The 49ers and Raiders sharing a stadium would not have been a first, as the two shared Kezar Stadium for part of 1960. It would have also fulfilled the late Raiders owner Al Davis' goal of a new stadium, something he had strongly desired since the late 1980s although Davis was against sharing a new stadium with another NFL team in Los Angeles when the idea was proposed to him, prompting his move back to Oakland in 1995.

In the wake of Davis' death, the possibility of the 49ers and Raiders sharing the stadium became a stronger possibility. However, by October 2011, the 49ers were far enough along on the stadium to have reportedly already sold over a quarter of the luxury suites, meaning the Raiders would be forced to be secondary tenants.

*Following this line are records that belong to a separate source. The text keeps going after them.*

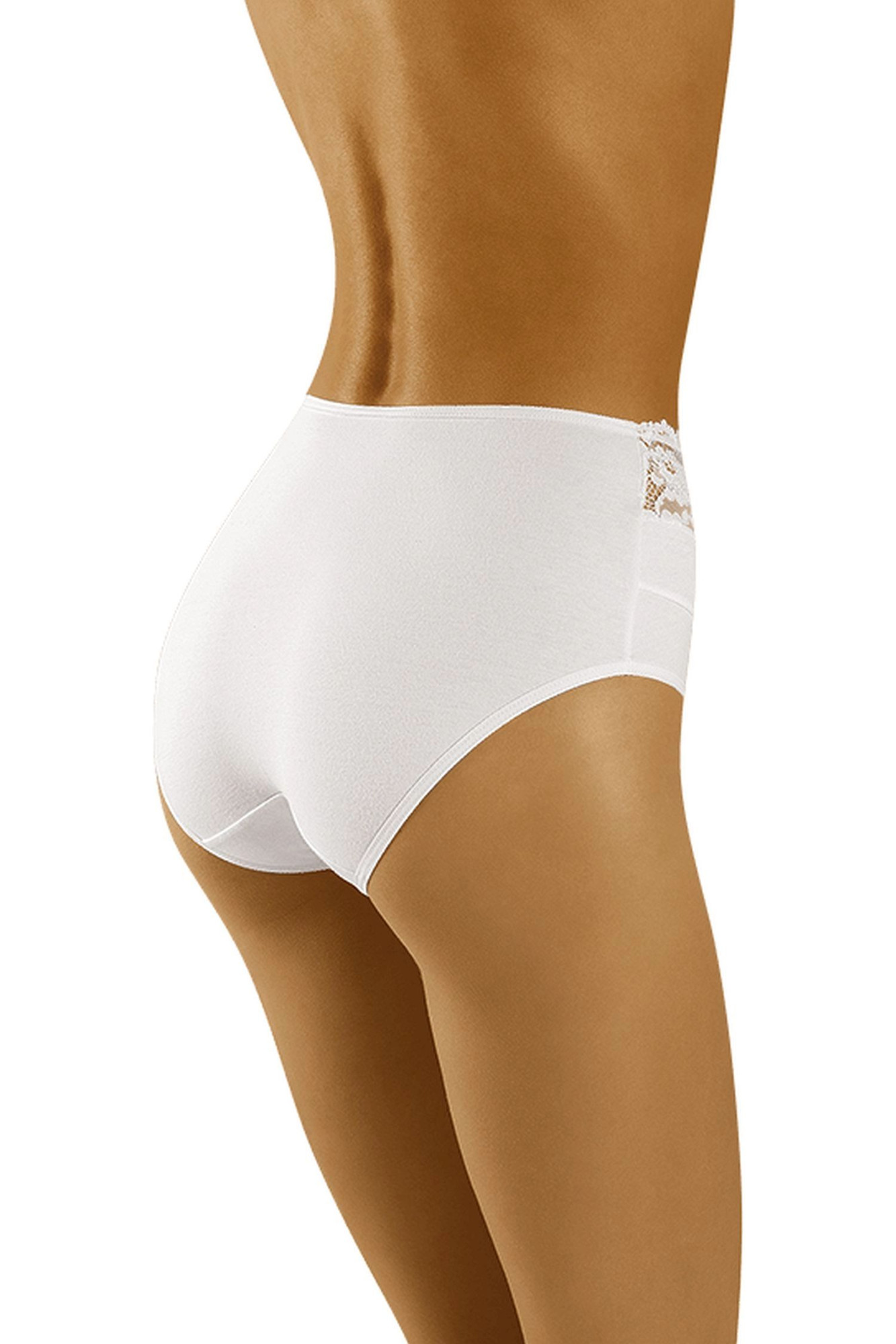 Dámske nohavičky Eco-HI Wol-bar - biela farba - vyrobené z kvalitnej bavlny - vyšší pás - pás zdobený kvetinovým motívom - zadná časť je hladká Zloženie materiálu: 90% bavlna + 7% elastan + 3% polyamid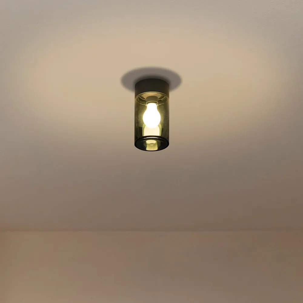 Kila udendørs loftslampe er fremstillet af antracitfarvet aluminium. Den cylindriske skærm af glas, hvori en E27-fatning venter på en effektiv LED-lampe på højst 15 watt, er problemfrit forbundet.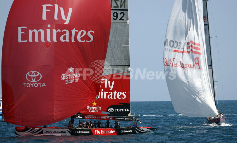 【6月4日 AFP】ヨットレース、ルイ・ヴィトン・カップ(Louis Vuitton Cup)・決勝、3日目。エミレーツ・チーム・ニュージーランド(Emirates Team New Zealand、ニュージーランド)は、ルナロッサ・チャレンジ(Luna Rossa Challenge、イタリア)と対戦。レースは1時間35分37秒を記録したエミレーツ・チーム・ニュージーランドが、1時間37分15秒を記録したルナロッサ・チャレンジに1分38秒差で勝利し、3連勝を飾った。(c)AFP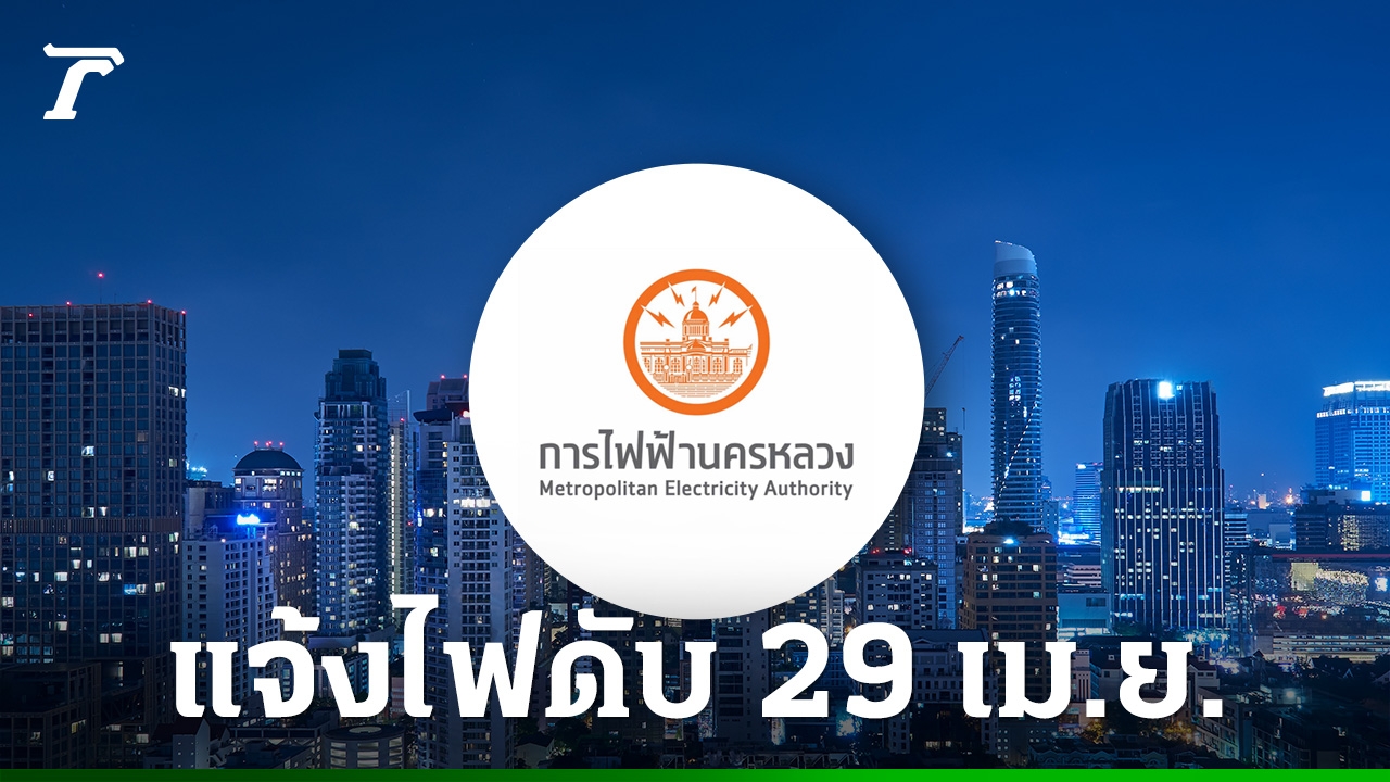แจ้งไฟดับ 29 เมษายน 2569 พื้นที่กรุงเทพฯ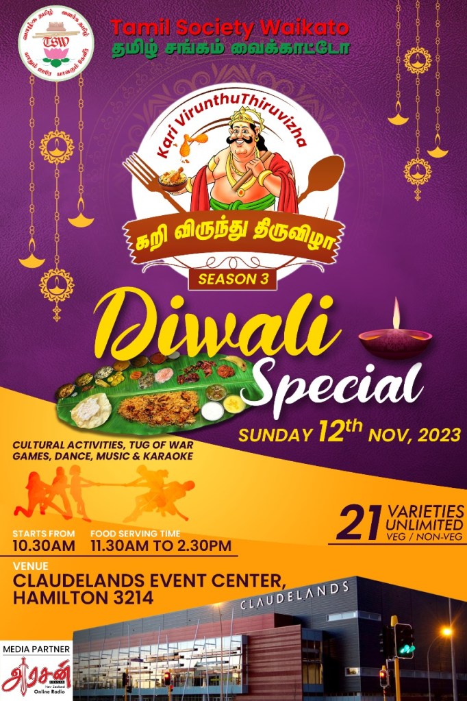 We cordially invite you and your family to come and celebrate this year’s special Diwali festival with our Karivirunthu – Season 3 on the 12 Nov 2023 at Claudelands Event centre, Hamilton.
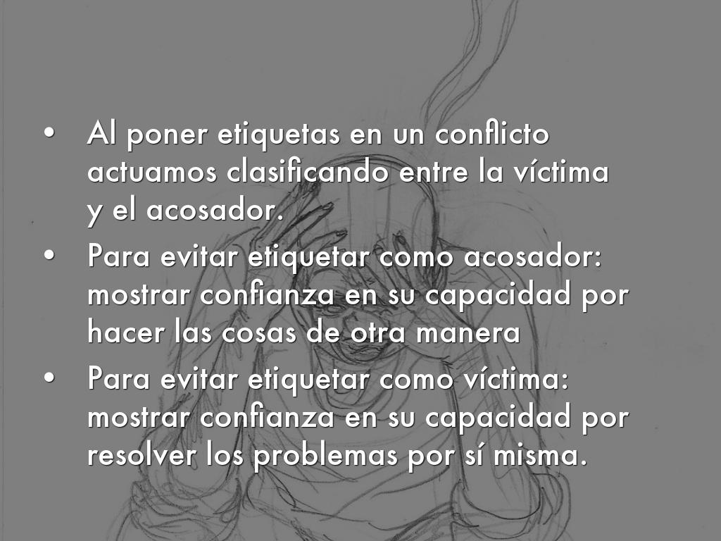 - Al poner etiquetas en un conflicto actuamos clasificando entre la víctima y el acosador.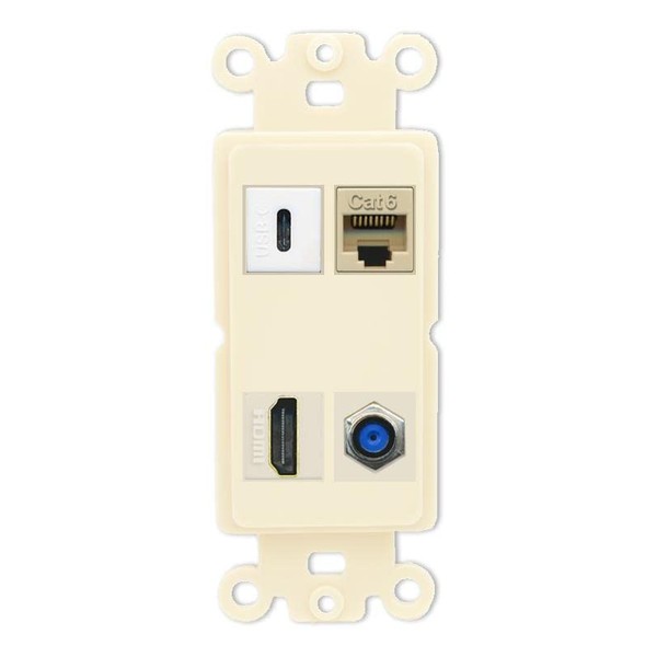 RiteAV USBC HDMI Cat6 Coax F81 Wall Plate - Rocker [Light-Almond]

In October 2012, Oakland Raiders owner Mark Davis told reporters he had no plans to share the Santa Clara stadium with the 49ers. According to the report, discussions remained open, although Davis wanted to keep the team in Oakland, or a nearby site in Dublin.

When the stadium had its grand opening on July 17, 2014, Goodell mentioned to the live crowd that it would make a great home for the Raiders and that it was up for the team to decide whether or not it wanted to play there or build a stadium on the site of the Oakland Coliseum. While the 49ers remained open to sharing the stadium with the Raiders, the Raiders said that their personal preference was the Coliseum site.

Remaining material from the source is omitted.